Resolving the molecular mechanism of ion channels by novel FTIR spectroscopic approaches

通过新型 FTIR 光谱方法解析离子通道的分子机制

• 批准号: 391665448
• 负责人: Professor Dr. Joachim Heberle
• 金额: --
• 依托单位: Institut für Experimentalphysik
• 依托单位国家: 德国
• 项目类别: Research Grants
• 财政年份: 2018
• 资助国家: 德国
• 起止时间: 2017-12-31 至 2021-12-31
• 项目状态: 已结题
• 来源: https://gepris.dfg.de/gepris/projekt/391665448?language=en
• 关键词: Resolving; molecular; mechanism; ion; channels

Exploring the mysteries of our brain, and overcoming brain disease are the central aim of the China Brain Project. Failure in structure and/or function of certain ion channel proteins that are related to brain performance, can induce a variety of neurological diseases. However, the poor knowledge of the structure and function of such membrane ion channels limits the understanding of the mechanism of malfunction. To solve this issue, we are aiming to resolve the impact of the membrane potential on the functionality of membrane proteins on the atomistic level. Taking the membrane protein sensory rhodopsin II as an example, we were able to demonstrate by Surface-Enhanced Infrared Absorption Spectroscopy (SEIRAS) how an applied electric field affects the functional changes of a membrane protein monolayer, here a crucial proton transfer step. This achievement was based on the first collaboration between the German principle investigator (Joachim Heberle) and the Chinese principle investigator (Xiue Jiang), who has visited Germany as an Alexander von Humboldt Research Fellow. The present research proposal builds further on this methodology by the application to bacterial homologues of ion channels that are key to brain function. Extending SEIRAS to the time domain will allow for tracing the dynamics of channel gating under an applied electric field. Finally, we aim to modulate the protein functionality by constructing a nanoparticle-membrane ion channel protein hybrid system which will provide new insight into pressing scientific questions in the field of brain science.

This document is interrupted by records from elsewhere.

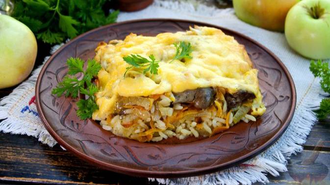 Обжаренные нежная печёнка, лук и морковь задают вкус, а корочка из расплавленного сыра делает блюдо ещё аппетитнее. Интересный изящный вкусовой оттенок придаёт запеканке яблоко. #СытнаяЗапеканка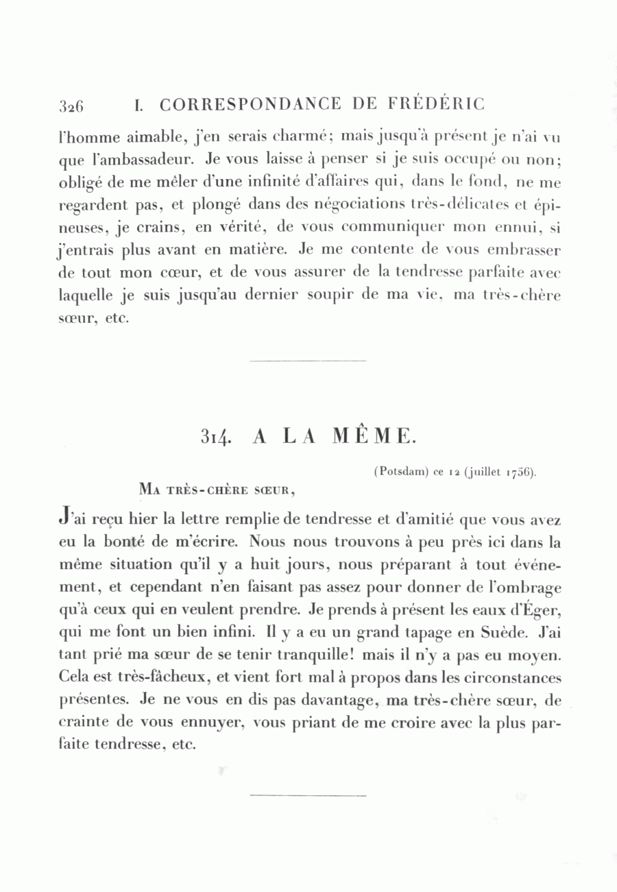 <326> l'homme aimable, j'en serais charmé; mais jusqu'à présent je n'ai vu que l'ambassadeur. Je vous laisse à penser si je suis occupé ou non; obligé de me mêler d'une infinité d'affaires qui, dans le fond, ne me regardent pas, et plongé dans des négociations très-délicates et épineuses, je crains, en vérité, de vous communiquer mon ennui, si j'entrais plus avant en matière. Je me contente de vous embrasser de tout mon cœur, et de vous assurer de la tendresse parfaite avec laquelle je suis jusqu'au dernier soupir de ma vie, ma très-chère sœur, etc.
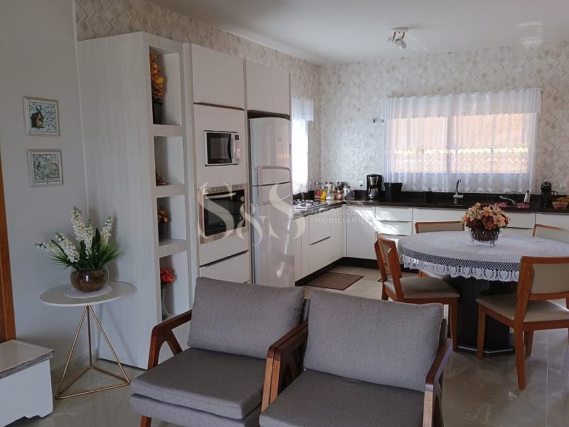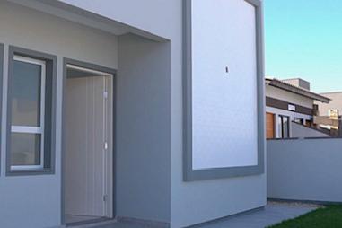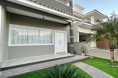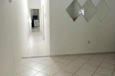 A casa possui dois dormitórios , um banheiro social, sala e cozinha, lavanderia, garagem coberta, churrasqueira e lavabo.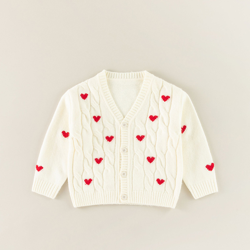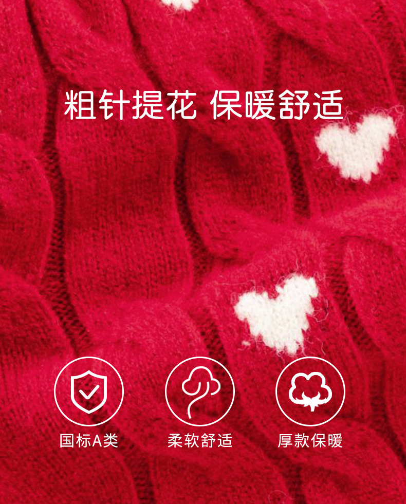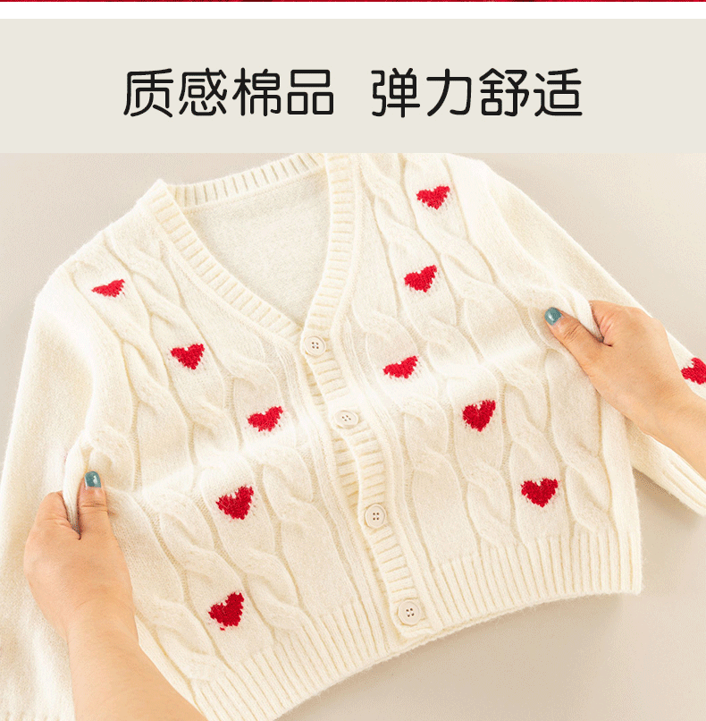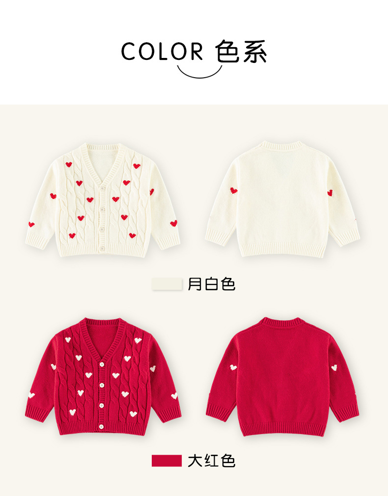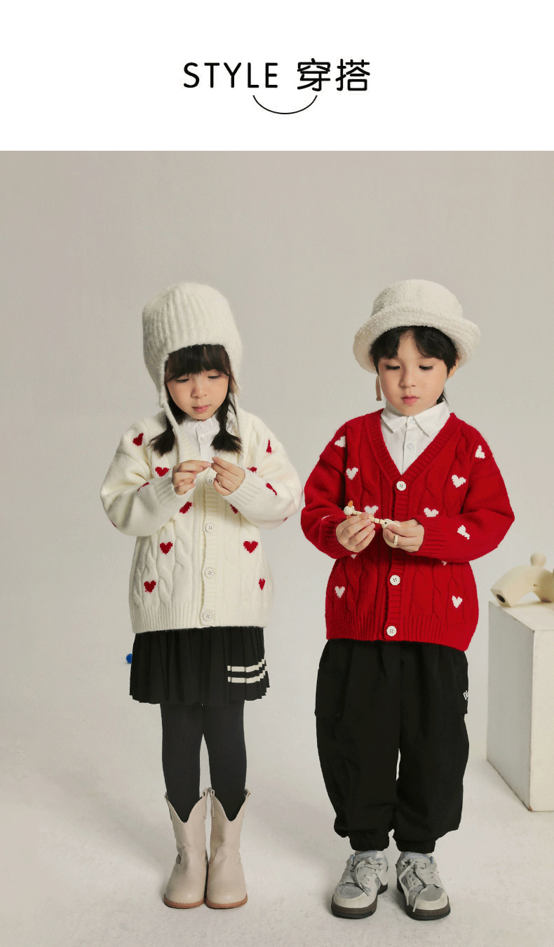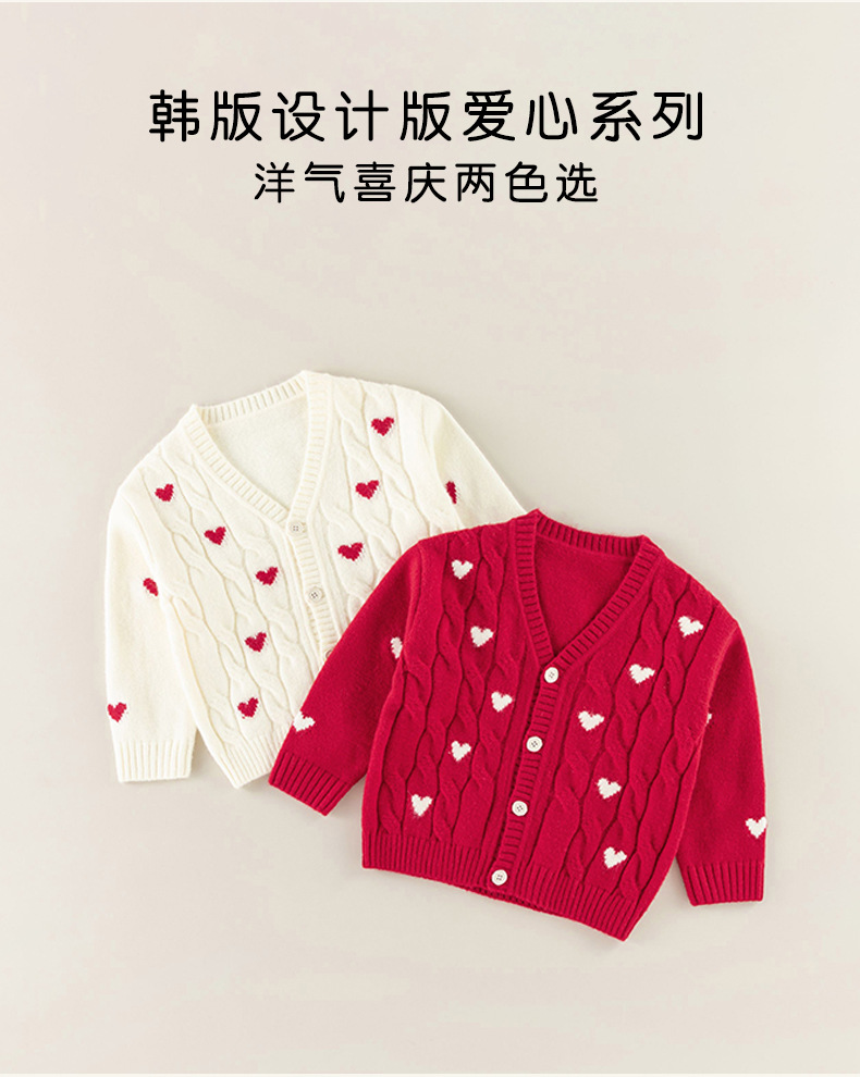 儿童针织开衫外套冬季新款男童加厚毛衣女童保暖毛线衣红色过年服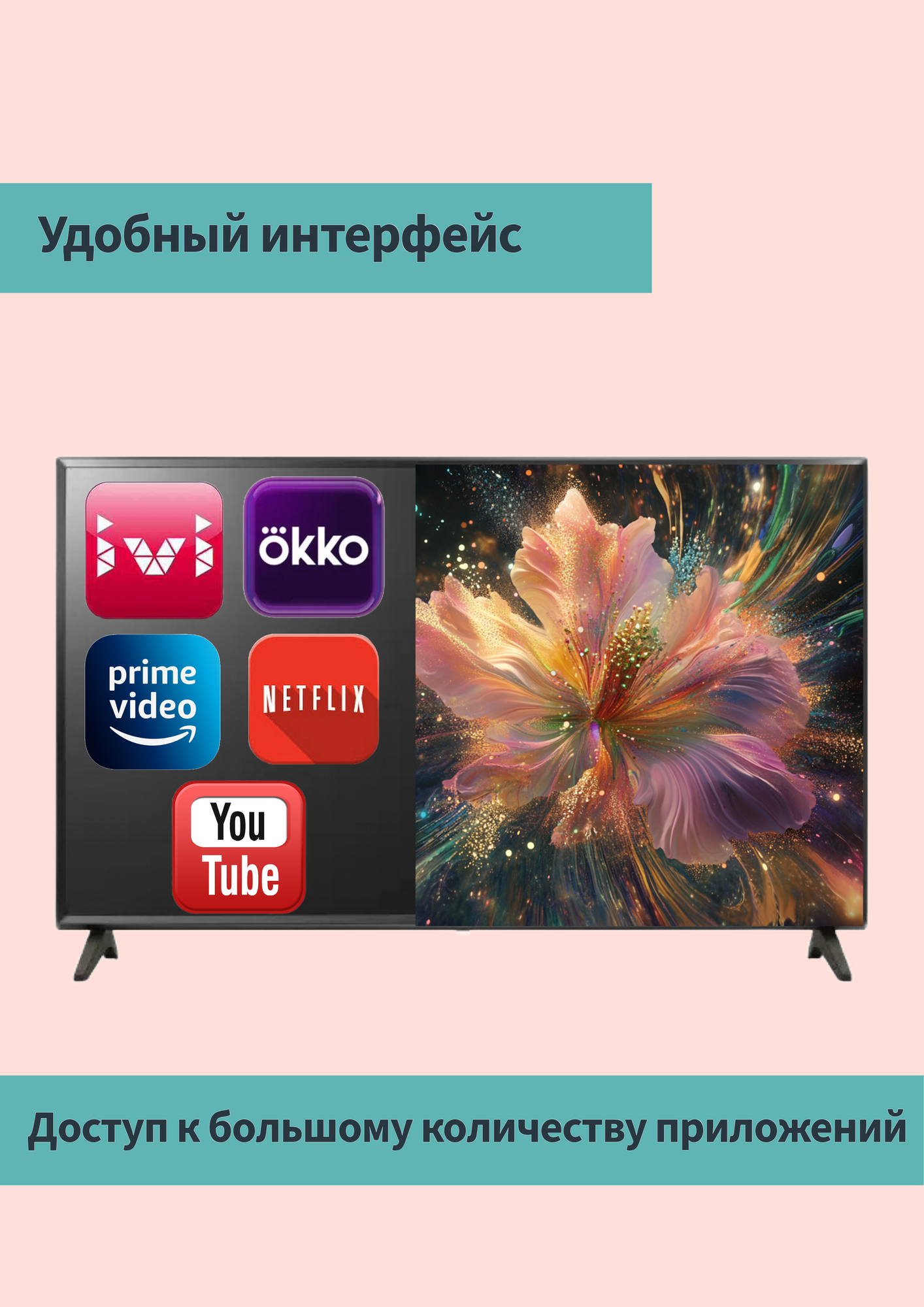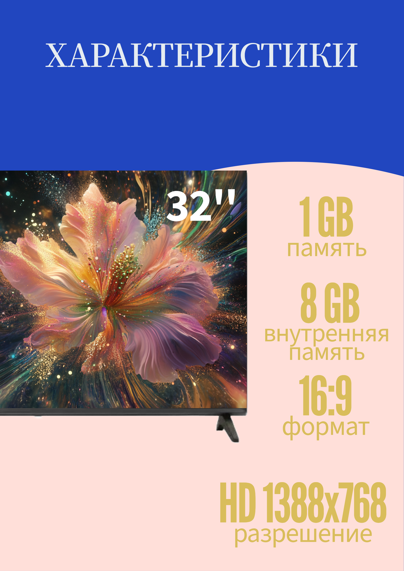 Телевизор Smart TV HD 32 Slim, диагональ 32", голосовое управление интересное:
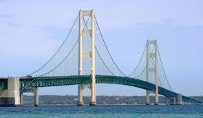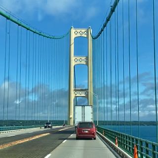 We were a bit apprehensive about driving the rig across the bridge especially with high winds predicted for later in the day. Our solution was to leave Traverse City early in the morning and cross the bridge before noon. Luckily the winds were in our favor and we had no issues crossing on what proved to be a beautiful partly cloudy day.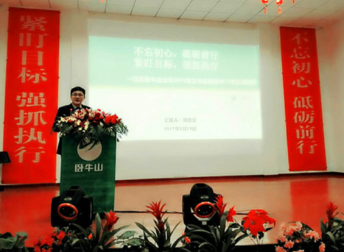 會(huì)議首先由臥牛山公司董事長、總經(jīng)理劉志榮作“不忘初心、砥礪前行,緊盯目標(biāo)、強(qiáng)抓執(zhí)行”主題報(bào)告。他從銷售、工程管理、市場、人力資源、技術(shù)、財(cái)務(wù)風(fēng)險(xiǎn)等板塊全面深刻地回顧和分析了2016年公司整體經(jīng)營情況及存在的問題,為各個(gè)板塊明確了2017年的工作方向及實(shí)施舉措。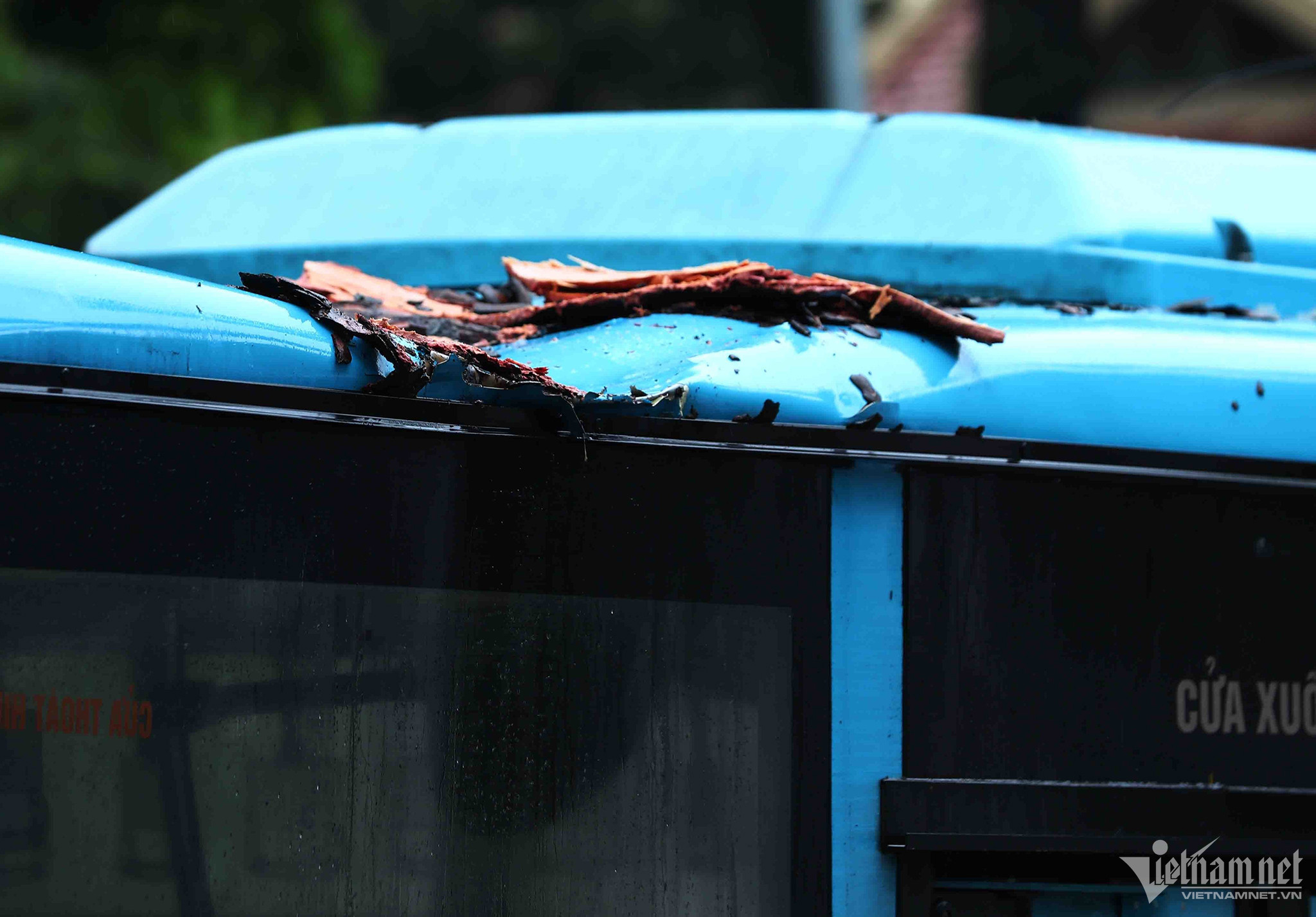 Cây lớn đè trúng ô tô buýt đang tiếp cận điểm đón, trả khách
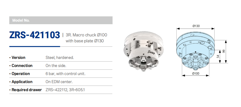 ZERO Set,System 3R Compatible chucksPneumatic,quill ZRS-421103 KIMZ,China alternative manufacturer EDM tooling
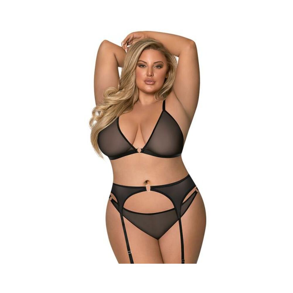 Magic Silk Sassy Bra, Garter & Rouched Panty Black Queen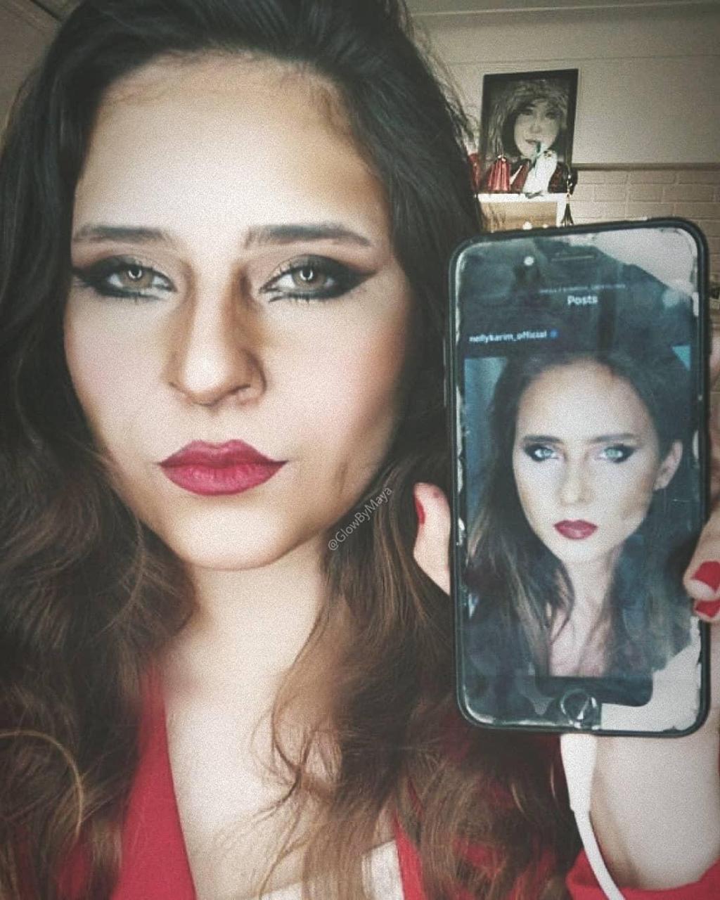 حولت شكلها إلى نيللي والسندريلا.. مايا ثابت فنانة تستخدم المكياج للحصول على ملامح المشاهير (صور)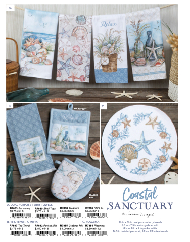 A. DUAL PURPOSE TERRY TOWELS R7883 Sanctuary R7880 Shell Toss $3.75 min 6 $3.75 min 6

探索我们大脑的奥秘，克服大脑疾病是中国大脑工程的中心目标。与脑功能相关的某些离子通道蛋白的结构和/或功能失效可诱发多种神经系统疾病。然而，由于对这种膜离子通道的结构和功能的认识不足，限制了对故障机制的理解。为了解决这一问题，我们的目标是在原子水平上解决膜电位对膜蛋白功能的影响。以膜蛋白感觉视紫红质II为例，我们能够通过表面增强红外吸收光谱（SEIRAS）证明外加电场如何影响膜蛋白单层的功能变化，这里是关键的质子转移步骤。这一成果是基于德国首席研究员Joachim Heberle和作为洪堡研究员访问德国的中国首席研究员Xiue Jiang之间的首次合作。目前的研究计划通过应用于对大脑功能至关重要的离子通道的细菌同源物，进一步建立在这种方法的基础上。将SEIRAS扩展到时域将允许在外加电场下跟踪通道门控的动态。最后，我们的目标是通过构建纳米粒子-膜离子通道蛋白混合系统来调节蛋白质的功能，这将为脑科学领域的紧迫科学问题提供新的见解。